The Fletcher Memorial Home
This has a dramatic and theatric approach and feels like a lot of the music from The Wall. This piece moves through a number of changes, and it’s OK, but rather forgettable. If there is a track that I’d say doesn’t belong on this set, it would be this one. 
Comfortably Numb
Here’s another of the band’s hits. It’s a dramatic and lush slower piece. There is a hypnotic quality to this music, which is fitting when you consider the lyrics.
When the Tigers Broke Free
This track was originally released at the time of The Wall, but it didn’t make that album. I think it was sort of a sequel (or perhaps prequel) to it and came out as a mini-LP single. I had it and loved this track, but when I got rid of my turntable when it died, I got rid of the record. Symphonic and dramatic, this is a great piece of music. It seems related to the closing music from The Wall, but is also more evocative and powerful.
One of These Days
Here’s another Pink Floyd classic. Coming from atmosphere bass guitar enters tentatively and then starts a frantic pattern. Keys come over the top as they start to build this up. This moves along in this way for a while and then a weird echoing pattern takes it. A distorted voice comes over and says, “One of these days I’m going to cut you into little pieces” and they launch out into a more potent jam based on the earlier themes. 
Us And Them
A song that points up the futility and irrationality of war (and other societal woes), much of this is in the form of a slow moving, jazzy groove. They power it up for a more intense interpretation of the musical themes at points. This is a track that’s both great and thought provoking. This includes some exceptional piano work. There is also a tasty saxophone solo.
Learning to Fly
Here we get one of the more well known tracks off the Momentary Lapse of Reason disc. It fires out with the distinctly heavy David Gilmour dominated Pink Floyd sounds. It’s slow moving but also quite potent. They drop it mid-track to an ambient section laced with sound clips of radio traffic. Then it comes back to the song proper after a short burst of a guitar solo.
Arnold Layne
We get another from the psychedelic era of the band. If there were two tracks I’d leave off the set, this would be the other one. It’s a decent enough piece, just too pop oriented. I guess it was a big hit for the band, though – so from a historical point of view it should be here. 
Wish You Were Here
This is another Pink Floyd classic. It’s essentially a balladic number, but when you talk Pink Floyd it’s seldom that simple. This is a great piece of music that’s rather bluesy and has hints of folk rock. There’s a cool instrumental section that’s very prog rock based, but somehow manages to play up the bluesy side of the cut at the same time. 
Jug Band Blues
Another from the early period of the band, the “song” part of this is very psychedelic and Beatles-like. When it moves out into weirdness later, though, this is far stranger than anything that band ever released. 
High Hopes
This is moody and pretty and very definitely Pink Floyd all the way. 

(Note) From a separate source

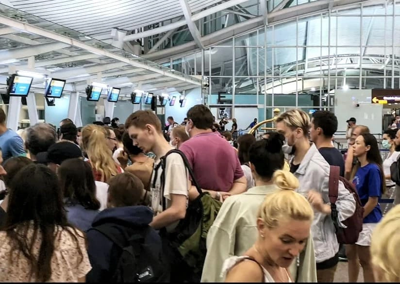Но самолёт улетит вовремя, видимо чтобы не платить пени аэропорту за задержку рейса. Нам, тем кто стоят у стойки, чьи паспорта обрабатываются до сих пор обещают что мы улетим.

Here is fun pop type early Pink Floyd track. This has just enough weirdness to make it interesting, but yet it's still catchy. I'd have to say that of this type of track, this is one of my favorites of the group's output. They move it out into a spacey random sounding excursion later. Overall this one is quite effective at combining the two main textures the band were working with at the time. It makes for a satisfying conclusion.